Но тут же сникла и стала раскачиваться, будто баюкая ребенка:
— Не бойся, деточка, не дам тебя в обиду. Не бойся…
Юргис в отчаянии схватился за голову:
— О господи! Дождемся ночи, Тайбеле, я спасу тебя, вылечу тебя!
Прислонился к стене, снова метнулся к Тайбеле. Потом вытащил из кармана бутылку с самогоном, выпил все до дна и побежал к двери.
Топ, топ, топ…
Тяжелые знакомые шаги часового.
Топ, топ, топ…
— Да ты чего это мечешься, словно оса ужалила в одно место? — вдруг послышался скрипучий голос за стеной. — Пришел тебя сменить. Ступай-ка и ты приложись, — самогону привезли целых три бидона. Первый сорт, хи, хи, хи…
Юргис молчал.
— И девчонок пригнали из того лагеря, расстрелять не успели. Красивые такие, жабы, хоть и жидовки. Поторапливайся, не то опоздаешь, хи, хи, хи…
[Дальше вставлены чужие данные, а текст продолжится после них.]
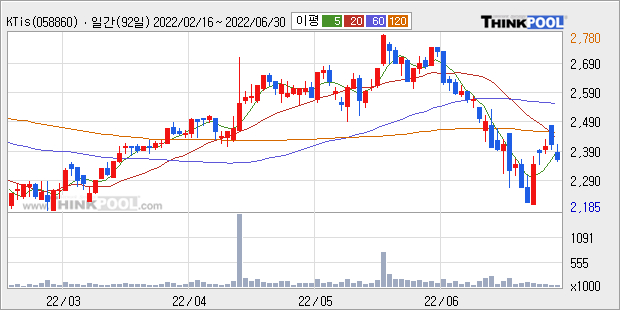 KTis은 2021년 매출액 4680억원과 영업이익 144억원을 기록했다. 전년대비 매출은 3.2%, 영업이익은 60.1% 각각 상승했다. 이 회사의 매출액 증감률과 영업이익 증감률은 각각 코스피 하위 25%, 상위 36%에 해당된다.
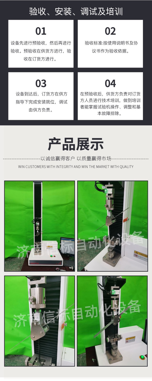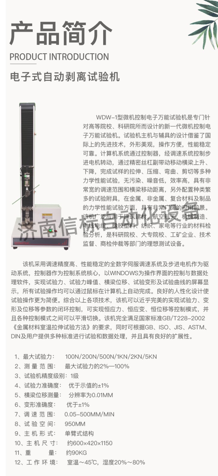 高強(qiáng)度膠黏劑膠帶浮棍法90度180度剝離強(qiáng)度試驗(yàn)機(jī)主要功能及特點(diǎn): 1、主機(jī): 1.1調(diào)速系統(tǒng)采用伺服電機(jī)和自主研發(fā)減速系統(tǒng),性能穩(wěn)定可靠,具有過(guò)流、過(guò)壓、過(guò)載等保護(hù)裝置。調(diào)速范圍可達(dá)0.05~500mm/min。 1.2傳動(dòng)部分采用圓弧同步齒形帶,精密絲杠副傳動(dòng),傳動(dòng)平穩(wěn),噪音低,傳動(dòng)效率高。 1.3萬(wàn)向節(jié)采用十字插銷(xiāo)結(jié)構(gòu),而且具有擺角限制功能,一方面便于試樣夾持,保證試驗(yàn)同心度,另一方面很好的消除了不規(guī)則試樣對(duì)傳感器的影響。 2、控制系統(tǒng)、操作軟件及數(shù)據(jù)處理系統(tǒng) 2.1計(jì)算機(jī)控制系統(tǒng),具有集成度高、性能穩(wěn)定、調(diào)整方便等優(yōu)點(diǎn)??梢詫?duì)實(shí)驗(yàn)數(shù)據(jù)進(jìn)行實(shí)時(shí)采集,對(duì)實(shí)驗(yàn)特性曲線實(shí)現(xiàn)實(shí)時(shí)動(dòng)態(tài)顯示,試驗(yàn)數(shù)據(jù)文件能以Access常用數(shù)據(jù)庫(kù)或SQLserve大型數(shù)據(jù)庫(kù)的方式保存,方便實(shí)現(xiàn)客戶(hù)的資源共享及網(wǎng)絡(luò)管理,以及用戶(hù)的再分析。對(duì)于用戶(hù)自定義的各種word2000報(bào)表,該軟件可輕松實(shí)現(xiàn)訪問(wèn),解決了不同用戶(hù)或同一用戶(hù)在不同時(shí)期對(duì)試驗(yàn)報(bào)表有不同需要的難題。該軟件可處理試驗(yàn)力、位移、時(shí)間、變形的原始數(shù)據(jù)及由此派生的曲線。
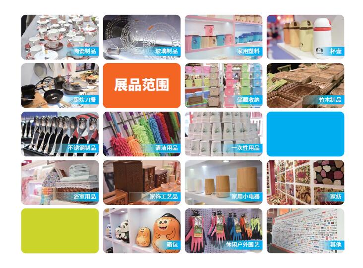 陶瓷制品、玻璃制品、家用塑料制品、杯壶、休闲/户外/园艺、竹木制品、清洁用品、厨具/炊具/刀具/餐具、浴室用品、储藏/收纳、家饰/工艺品/摆件、衡具/量具、家用小电器、一次性用品、家纺、箱包、不锈钢制品、其它等
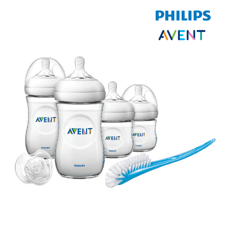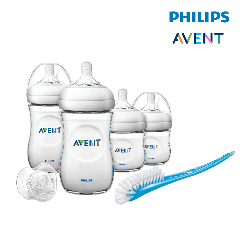 The handy collection SCD371/00 by Philips Avent including 4 Classic+ feeding bottles (2x 4oz and 2x 9oz), a bottle and nipple brush, and a white translucent pacifier 0-6 months.
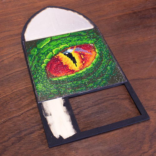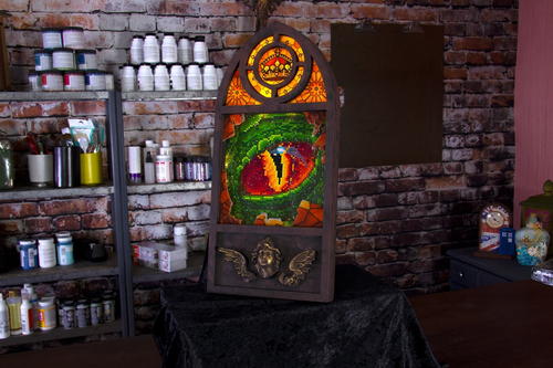 This project is divided up in to 4 parts: 1. Wood Structure 2. Diamond Art Dragon Eye Embellishment 3. Stained Glass Windows (Shrink Film) 4. Finishing and Assembly

— Не пойду. Иди назад, я за тебя покараулю, — ответил Кевела. — У меня самогону полно.
— И к девчонкам не хочешь, дуралей?
— Ничего не хочу, отстань!
— Кишка тонка, гимназист. Я это уже в песчаной яме заприметил. Целился в евреев, а стрелял господу богу в окошко. Хотел было я тебя поучить, да ты смылся куда-то. Ничего, можно еще наверстать. Ну, сдавай караул, мой черед заступать.
— Не уйду я.
— Струсил, никак? Дружки гуляют, а он тут торчит. И завтра не пойдешь, когда еврейское добро делить станут? Небось на карачках приползешь, как пес. Тоже мне интеллигент!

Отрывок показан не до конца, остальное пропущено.